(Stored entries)
────────

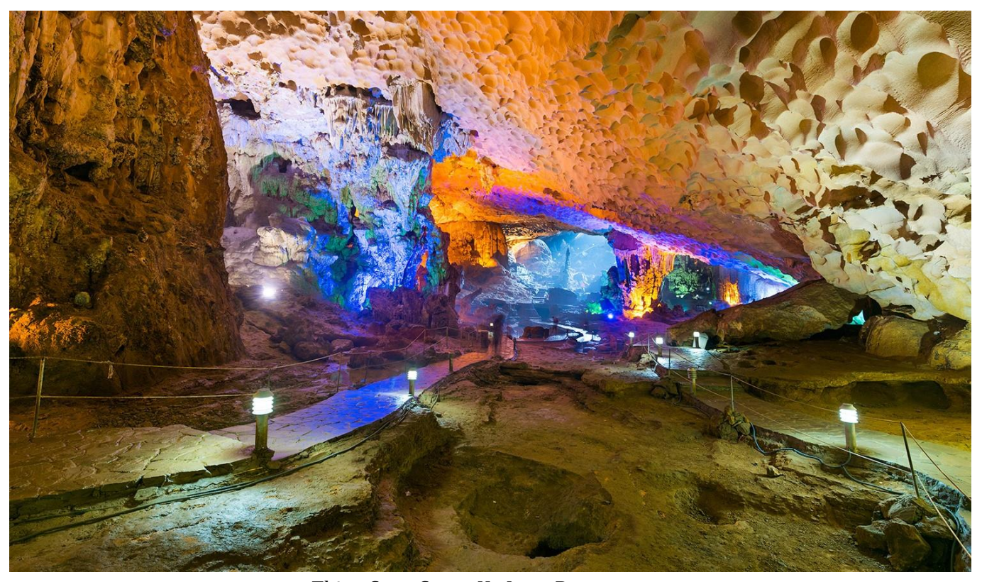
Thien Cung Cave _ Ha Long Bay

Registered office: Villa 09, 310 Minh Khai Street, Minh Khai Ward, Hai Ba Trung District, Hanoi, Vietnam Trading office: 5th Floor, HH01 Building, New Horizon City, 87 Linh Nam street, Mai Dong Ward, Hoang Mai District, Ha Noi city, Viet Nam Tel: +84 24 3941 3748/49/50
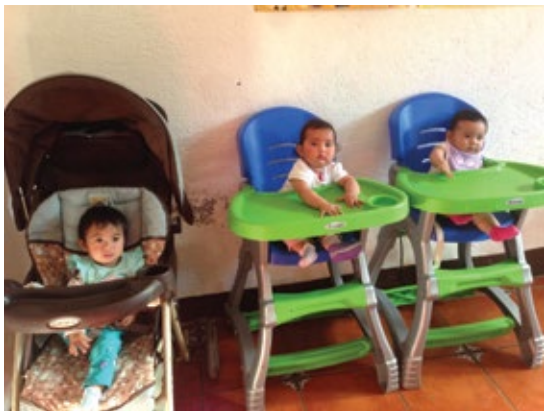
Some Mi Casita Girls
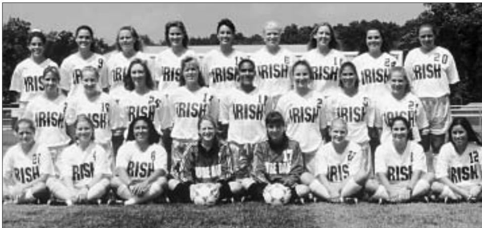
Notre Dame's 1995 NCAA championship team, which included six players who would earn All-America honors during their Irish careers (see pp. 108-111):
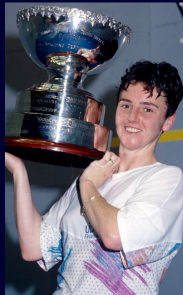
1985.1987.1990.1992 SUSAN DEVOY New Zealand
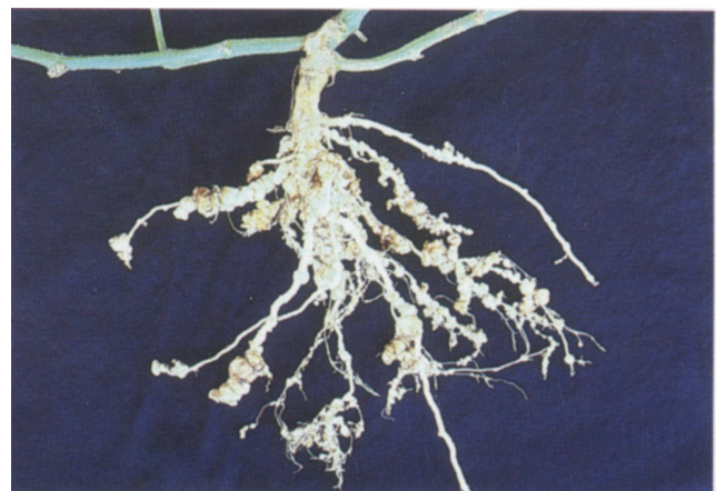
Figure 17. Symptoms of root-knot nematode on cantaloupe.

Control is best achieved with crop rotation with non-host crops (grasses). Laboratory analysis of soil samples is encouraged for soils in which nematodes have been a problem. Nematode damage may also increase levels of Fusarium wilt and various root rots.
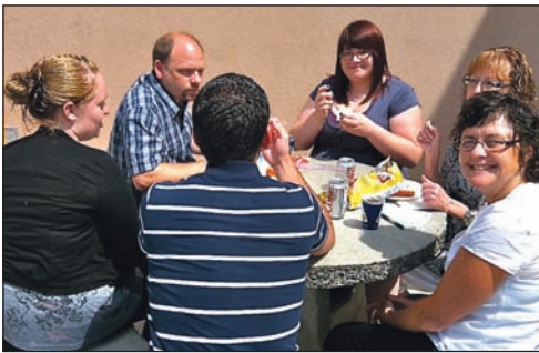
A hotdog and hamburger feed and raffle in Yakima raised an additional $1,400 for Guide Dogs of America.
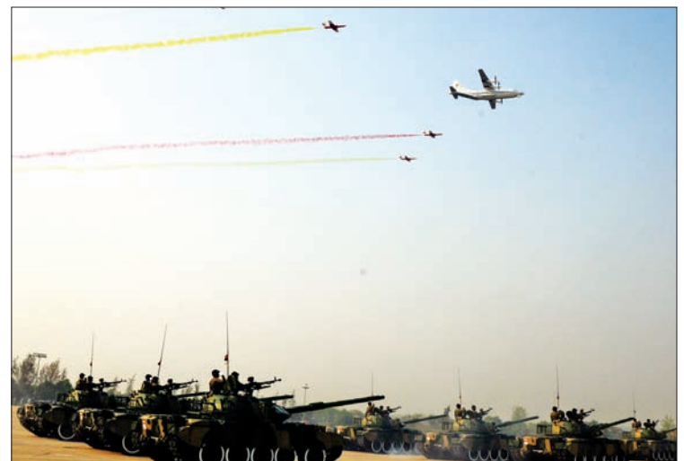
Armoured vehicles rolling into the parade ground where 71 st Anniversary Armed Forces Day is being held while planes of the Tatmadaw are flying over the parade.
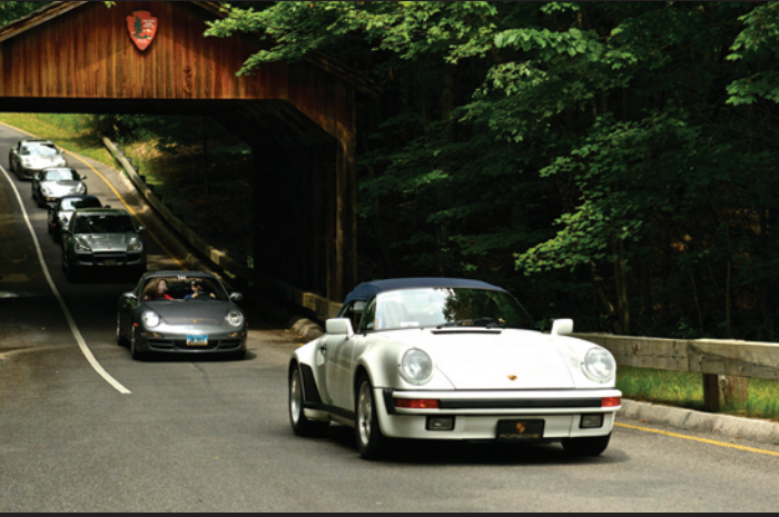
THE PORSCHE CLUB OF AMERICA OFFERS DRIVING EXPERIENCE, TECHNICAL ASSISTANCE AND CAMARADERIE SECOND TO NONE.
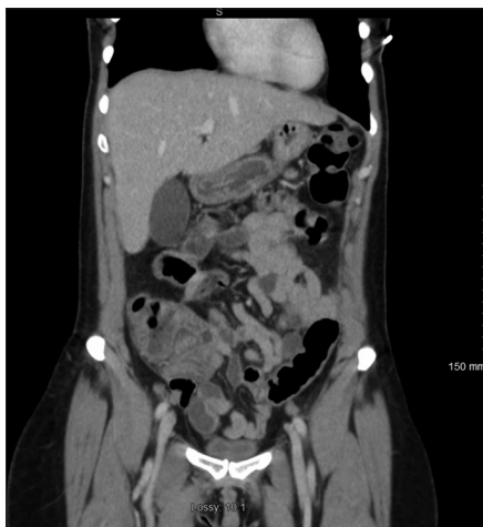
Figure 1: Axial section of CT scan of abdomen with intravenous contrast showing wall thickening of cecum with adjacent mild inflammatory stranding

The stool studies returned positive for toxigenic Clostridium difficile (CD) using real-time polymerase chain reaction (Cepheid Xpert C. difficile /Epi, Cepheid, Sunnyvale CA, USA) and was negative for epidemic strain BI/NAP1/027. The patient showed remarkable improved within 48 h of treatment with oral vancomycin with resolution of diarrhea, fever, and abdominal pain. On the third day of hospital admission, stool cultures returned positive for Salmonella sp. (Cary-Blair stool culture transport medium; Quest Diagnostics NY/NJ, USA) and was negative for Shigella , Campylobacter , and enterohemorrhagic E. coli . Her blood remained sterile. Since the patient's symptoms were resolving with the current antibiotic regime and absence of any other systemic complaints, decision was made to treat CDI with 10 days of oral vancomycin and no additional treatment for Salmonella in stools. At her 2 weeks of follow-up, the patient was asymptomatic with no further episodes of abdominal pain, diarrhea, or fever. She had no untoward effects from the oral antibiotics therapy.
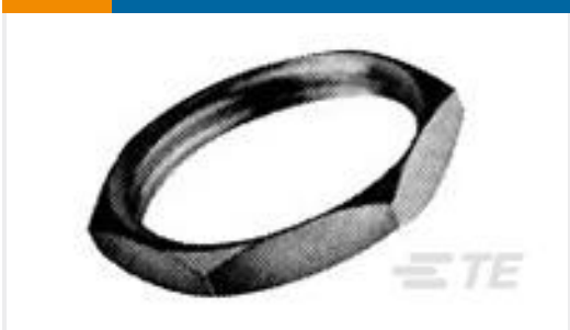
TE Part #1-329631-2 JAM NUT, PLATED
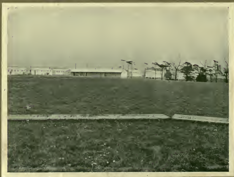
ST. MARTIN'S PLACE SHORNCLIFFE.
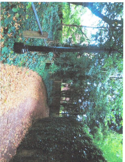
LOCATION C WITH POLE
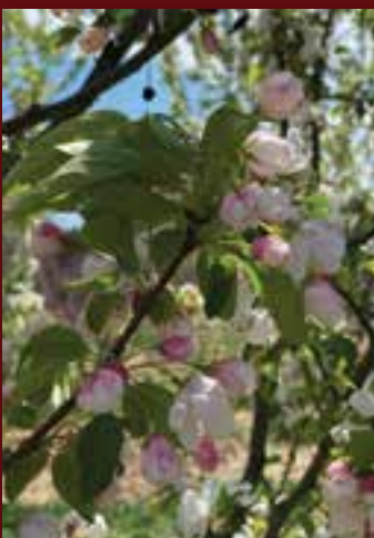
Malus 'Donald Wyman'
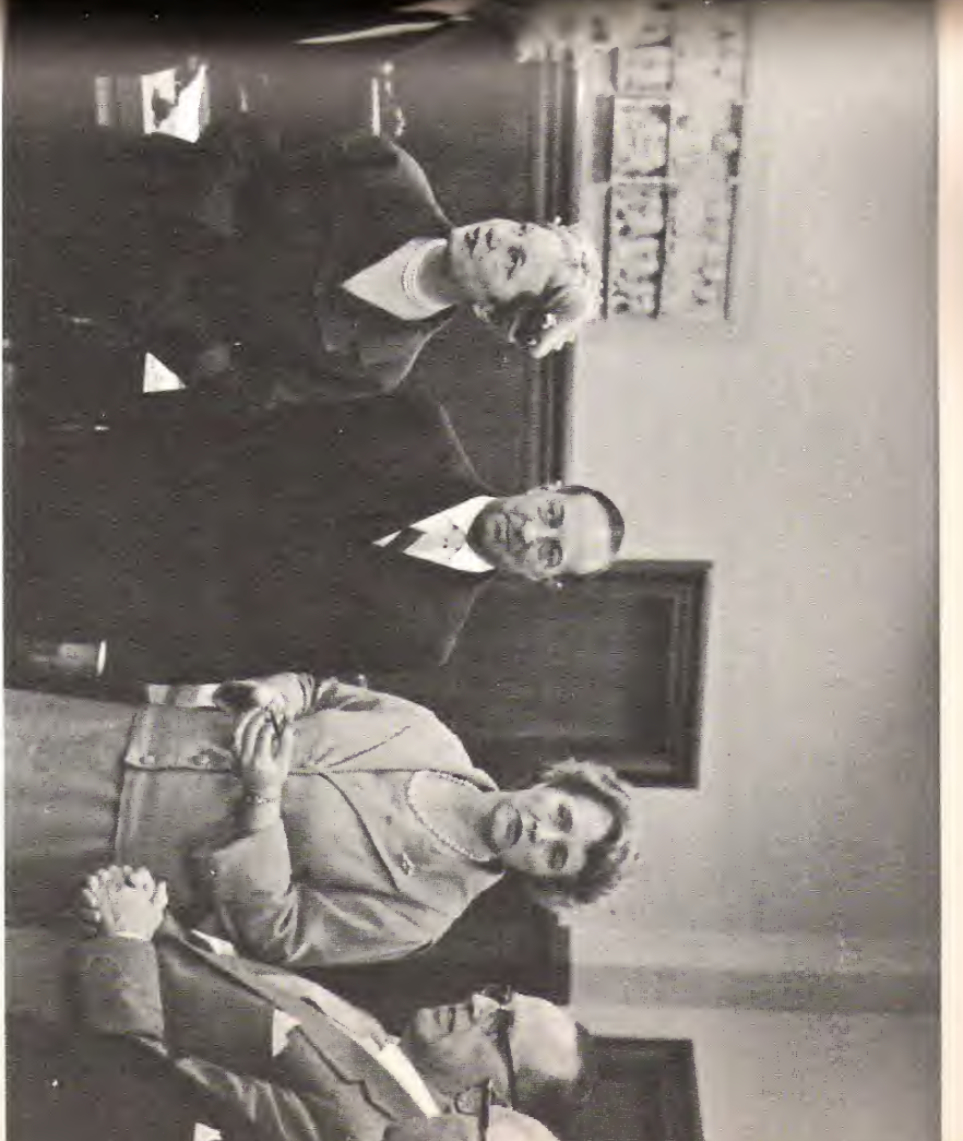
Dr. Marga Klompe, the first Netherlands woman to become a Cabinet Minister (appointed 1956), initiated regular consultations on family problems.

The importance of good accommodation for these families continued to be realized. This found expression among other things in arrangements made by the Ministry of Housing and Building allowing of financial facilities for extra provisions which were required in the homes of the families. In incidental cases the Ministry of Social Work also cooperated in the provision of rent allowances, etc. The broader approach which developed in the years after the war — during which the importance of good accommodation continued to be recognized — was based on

────────

Your answer should be a single number: the count of lines in the entries that hold the string "which".

— COMPLETED EXERCISE —
3